Task directions:
In the records below, repeat exactly the lines between the line holding "26 Mar 26, 18.00" and the line holding "- タイダウン 4 個パック", inclusive, and drop the pictures.

Recorded data:
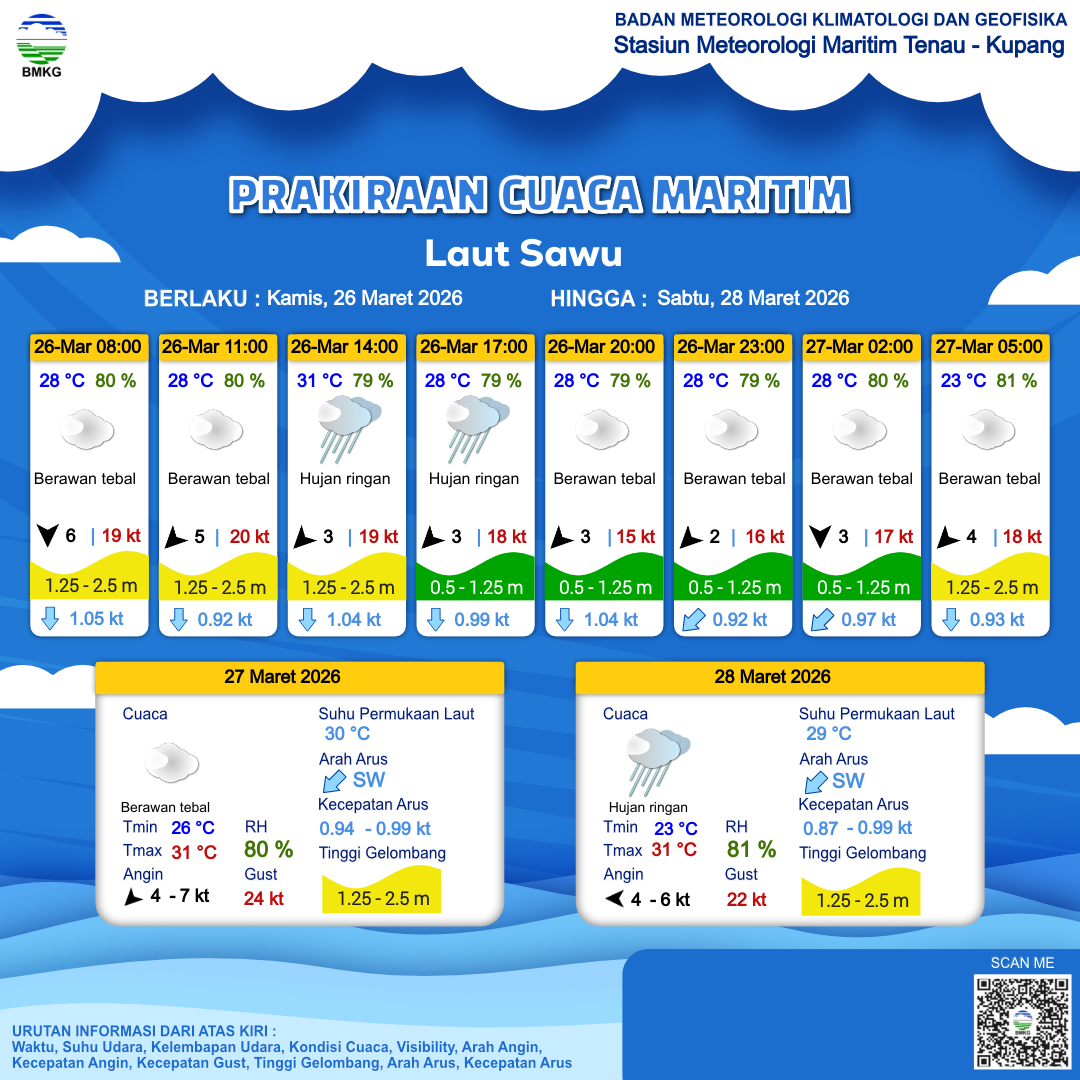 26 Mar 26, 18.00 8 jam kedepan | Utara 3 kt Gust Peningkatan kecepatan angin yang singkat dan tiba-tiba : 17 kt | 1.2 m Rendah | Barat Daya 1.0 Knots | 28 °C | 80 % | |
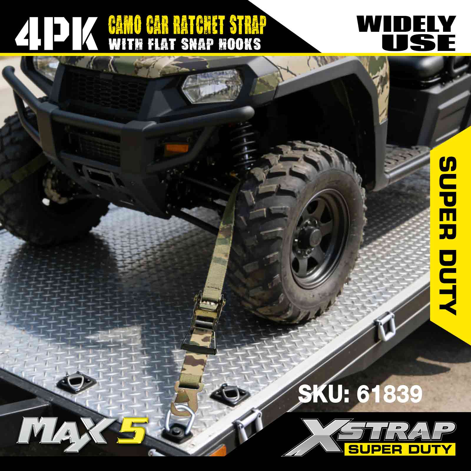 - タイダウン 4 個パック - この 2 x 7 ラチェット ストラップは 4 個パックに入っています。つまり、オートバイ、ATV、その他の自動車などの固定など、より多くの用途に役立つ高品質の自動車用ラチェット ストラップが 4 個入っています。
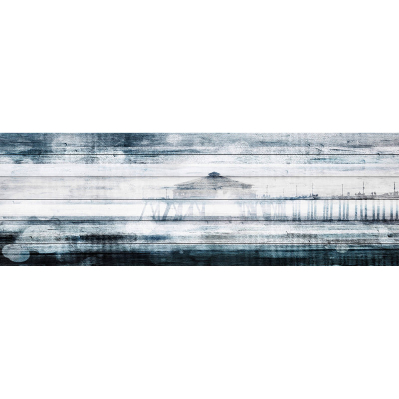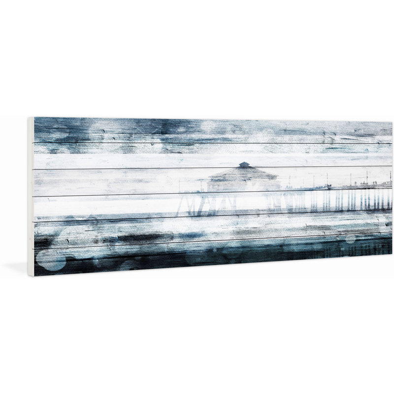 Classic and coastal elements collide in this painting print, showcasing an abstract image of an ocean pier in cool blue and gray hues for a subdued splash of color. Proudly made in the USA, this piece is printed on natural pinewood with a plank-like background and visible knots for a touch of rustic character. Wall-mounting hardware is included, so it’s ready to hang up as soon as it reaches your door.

--

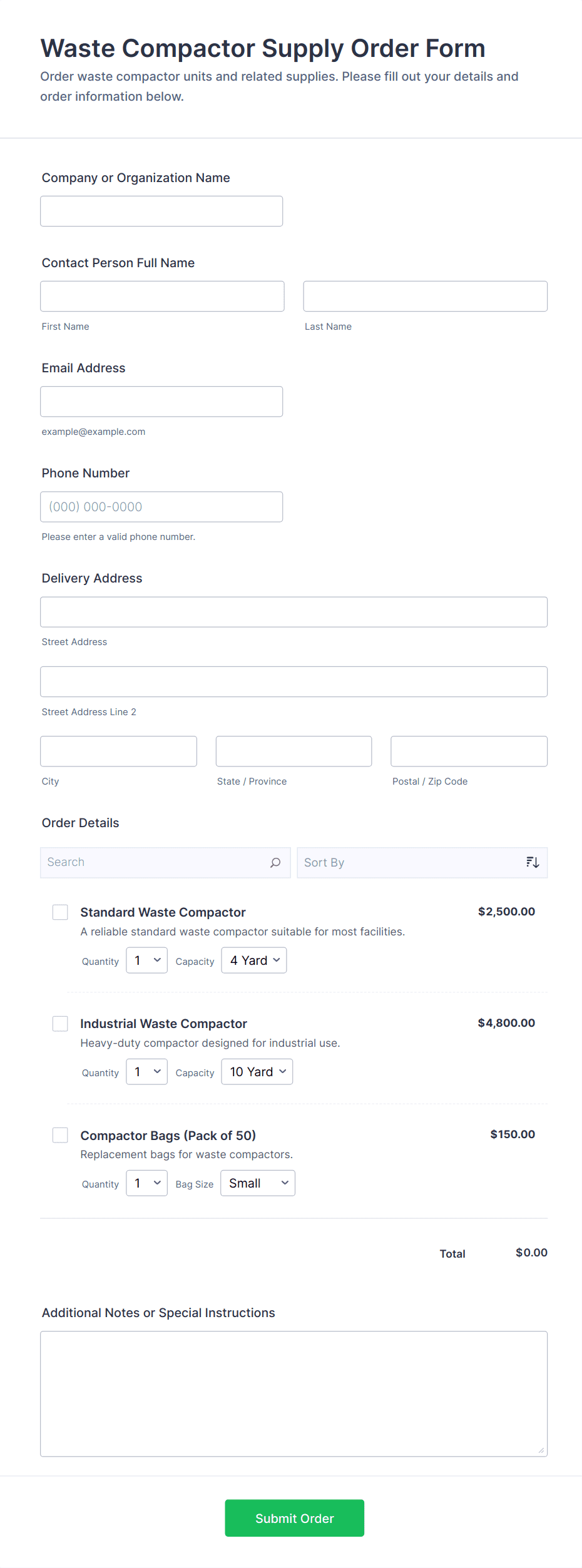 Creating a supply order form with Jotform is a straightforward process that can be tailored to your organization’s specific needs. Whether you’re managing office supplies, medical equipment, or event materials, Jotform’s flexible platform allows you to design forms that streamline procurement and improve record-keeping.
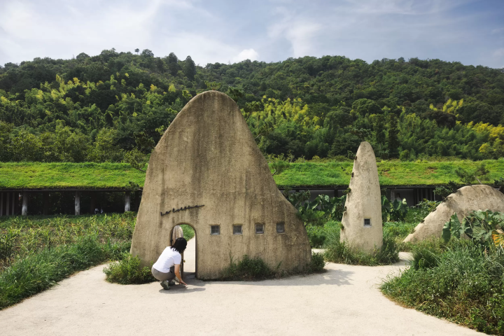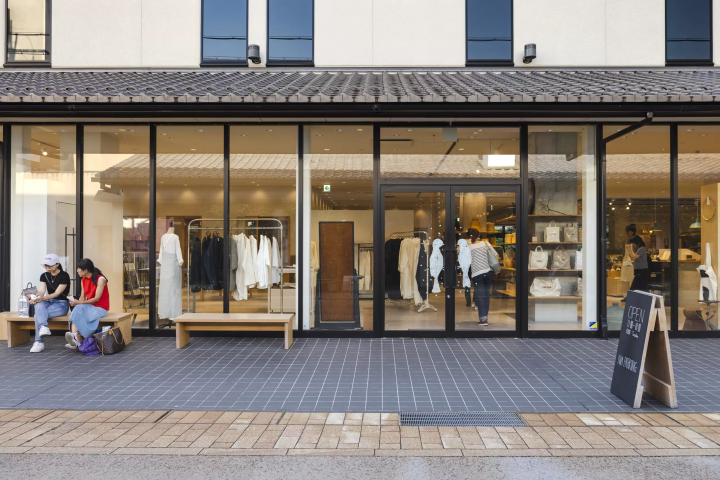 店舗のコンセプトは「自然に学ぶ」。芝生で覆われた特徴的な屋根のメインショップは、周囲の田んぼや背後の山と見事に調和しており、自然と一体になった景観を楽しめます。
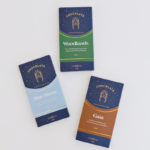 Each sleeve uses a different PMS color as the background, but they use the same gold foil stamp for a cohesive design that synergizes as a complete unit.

...

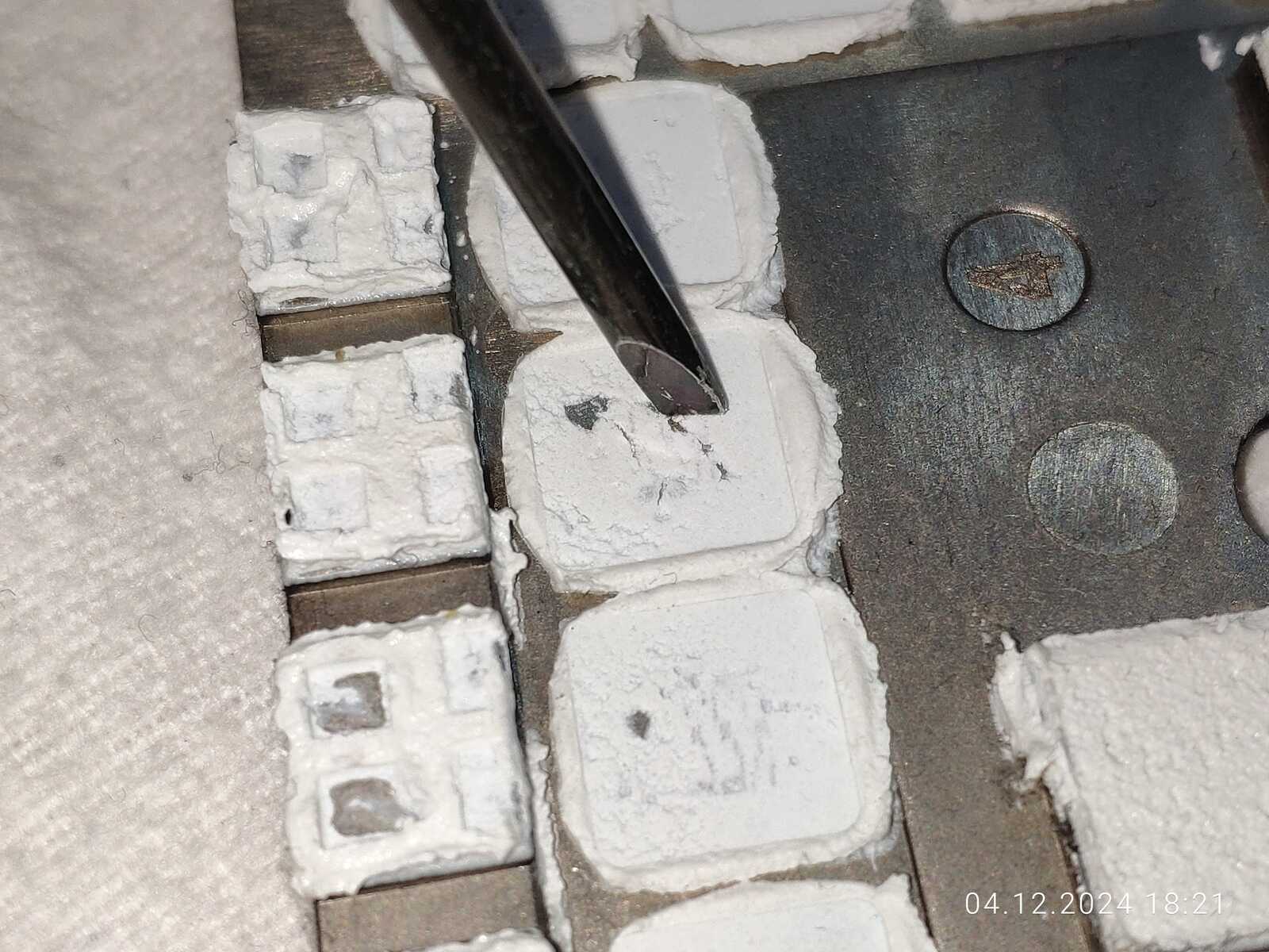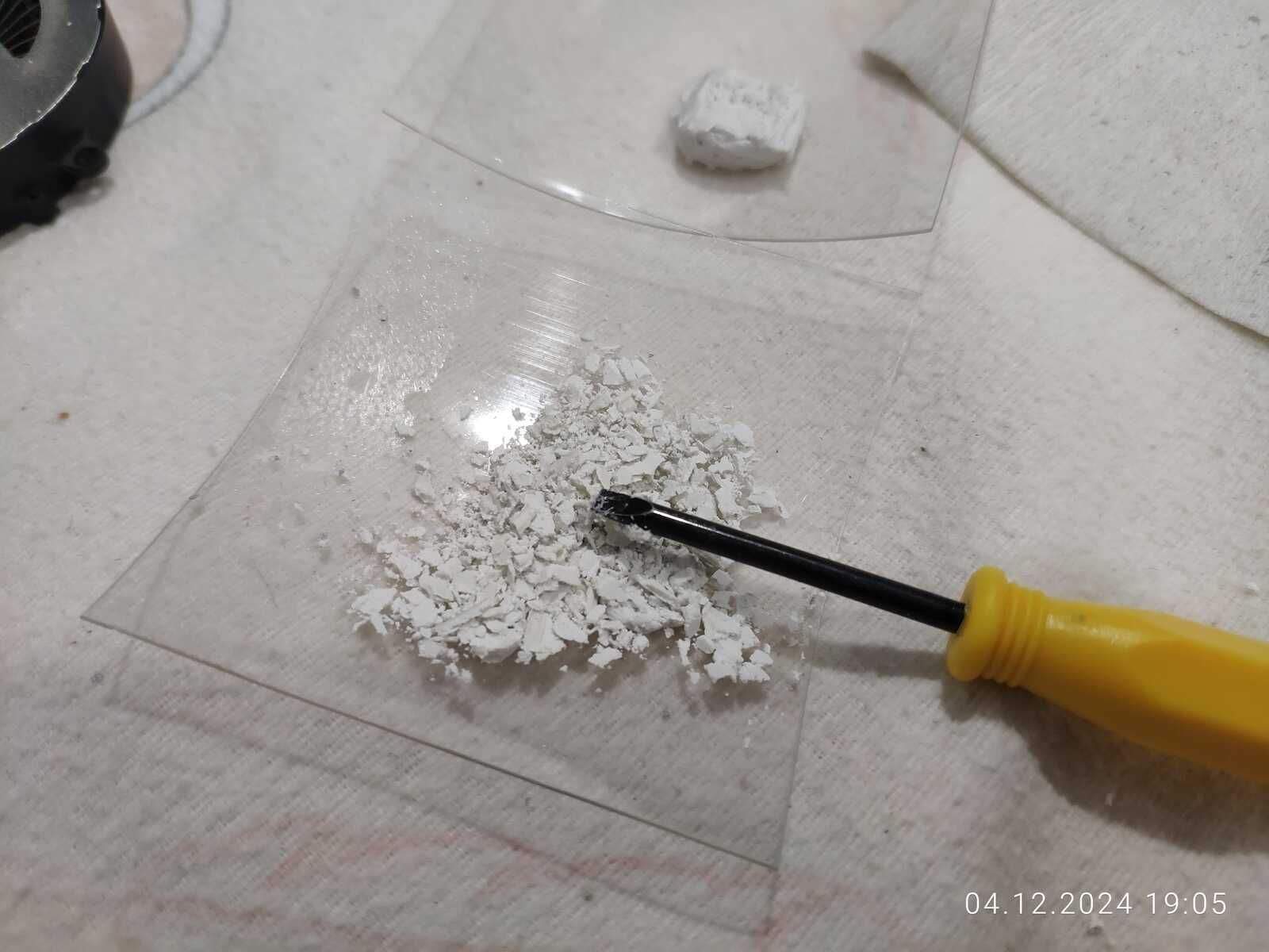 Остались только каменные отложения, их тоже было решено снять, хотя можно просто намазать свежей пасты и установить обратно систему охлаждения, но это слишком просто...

Result of the task:
 26 Mar 26, 18.00 8 jam kedepan | Utara 3 kt Gust Peningkatan kecepatan angin yang singkat dan tiba-tiba : 17 kt | 1.2 m Rendah | Barat Daya 1.0 Knots | 28 °C | 80 % | |
 - タイダウン 4 個パック - この 2 x 7 ラチェット ストラップは 4 個パックに入っています。つまり、オートバイ、ATV、その他の自動車などの固定など、より多くの用途に役立つ高品質の自動車用ラチェット ストラップが 4 個入っています。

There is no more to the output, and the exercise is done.